Haier Electronics will spend 2 billion yuan ($323 million) -- up from 834 million yuan last year -- to expand delivery capacity and turn rural stores into showrooms for third-party appliances and electronics, company executives told Bloomberg. A portion of the money would also go toward producing more Web-connected appliances users can control with their smartphones.
“Many of our stores are in the smallest cities in China,” Haier Electronics Chairman Zhou Yun Jie said in an interview. “In the future, we hope to expand them to become service centers, and a place where rural residents can test and buy items beyond just Haier products.”
Haier Electronics -- the Hong Kong-listed unit of China’s largest major appliance maker, Haier Group -- is looking to expand its reach and product line as China’s slowing economy and property downturn weigh on sales of washing machines and water heaters. The company is also facing competition from hi-tech domestic rivals such as Lenovo Group Ltd. and Xiaomi Corp., who are starting to roll out smart home devices tailored to the country’s mobile users.
This year’s spending plan will help Haier Electronics renovate stores in smaller cities to showcase products such as exercise equipment made by other companies, said Bo Zhan, the company’s general manager for finance. The stores will keep no stock for those items and customers will be able to make online purchases for home delivery.
Shares of Haier Electronics rose 3.9 percent to HK$21.55 in Hong Kong, the highest close since Nov. 28. They surged as much as 6 percent earlier today. Hong Kong’s benchmark Hang Seng Index climbed 0.8 percent.
Outlets that have already made the switch saw same-store sales growth of about 7 percent, while others reported negative single-digit declines, HSBC Holdings Plc analysts led by Lina Yan wrote in note dated March 30.

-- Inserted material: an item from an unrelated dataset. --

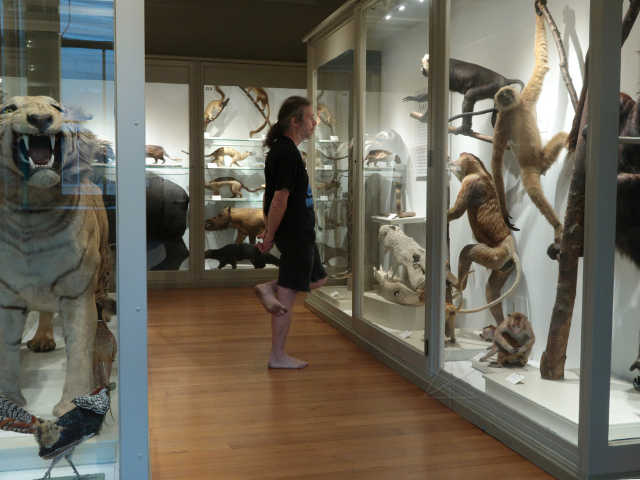 http://hmnh.harvard.edu/plan-your-visit This was a totally new one on her, and she freely admitted to being a bit flummoxed by it -- even at a college, nobody had expressed a desire to come in barefoot before to her knowledge. We assured her that we were fine in just about any kind of terrain and that neither the Museum or the University held any possible legal liability for our feet. We expressed confidence that their gallery floors were pristine and it was no problem for us at all even if they weren't. She really didn't want to turn us away, especially as visitors who knew something about the place already and were clearly intelligent, well-meaning, and enthusiastic to get a fresh look at what it had to offer. She gave us our little clip-on tickets, and we spent a lovely few hours padding quietly around taking it in and blazing away with cameras. No other staff who occasionally passed by made any hint of disapproval, which was interesting because I don't think Kristen had time to frantically run around behind the scenes assuring all of them that we were okay. But maybe she tried, just for completeness? It seemed that they really didn't care either way, which is nice if true because usually it's the uppity underlings who cause the problems. I even had a couple of completely positive and instructive interactions with other visitors whose eyes were definitely opened. There I was, a living piece of "natural history" right in front of them. I snagged an amusing timed-selfie in the "mammal room", which I'm tentatively captioning "This is *evolution*?!" ...

Haier Electronics will also make acquisitions to expand its logistics reach, as the growth in e-commerce increases demand for deliveries, Zhan said. It’s eyeing buyouts of smaller companies elsewhere in eastern China, with the deals not expected to exceed 100 million yuan.
The company expects to sign two deals in the near term and has three more in pipeline, Haier Electronics Deputy General Manager Simon Huang said.
The Qingdao-based company is looking to expand the logistics joint venture it set up last year with Alibaba Group Holding Ltd. The Chinese e-commerce giant completed the purchase of a 2 percent stake in Haier Electronics last March.
The company posted a net income of 2.45 billion yuan last year, an increase of 20 percent from the previous year. Sales rose 7.8 percent to 67.1 billion yuan.
Zhou said he was confident the company would outperform the China’s overall home appliance industry, which he forecast to grow by as much as 5 percent.
Haier Electronics will also use the capital spending to develop more Web-linked appliances and tap a market expected to grow to $7.1 trillion by 2020, according to International Data Corp. That’s up from $1.9 trillion in 2013.
The company has already rolled out smart appliances such as heaters you can turn on with your mobile phone, and washing machines which adjust their cleaning functions according to clothing load.
“Smart appliances in China are like mobile phones -- their growth will be rapid,” Zhou said. “Chinese consumers are fond of technology, especially among the young.”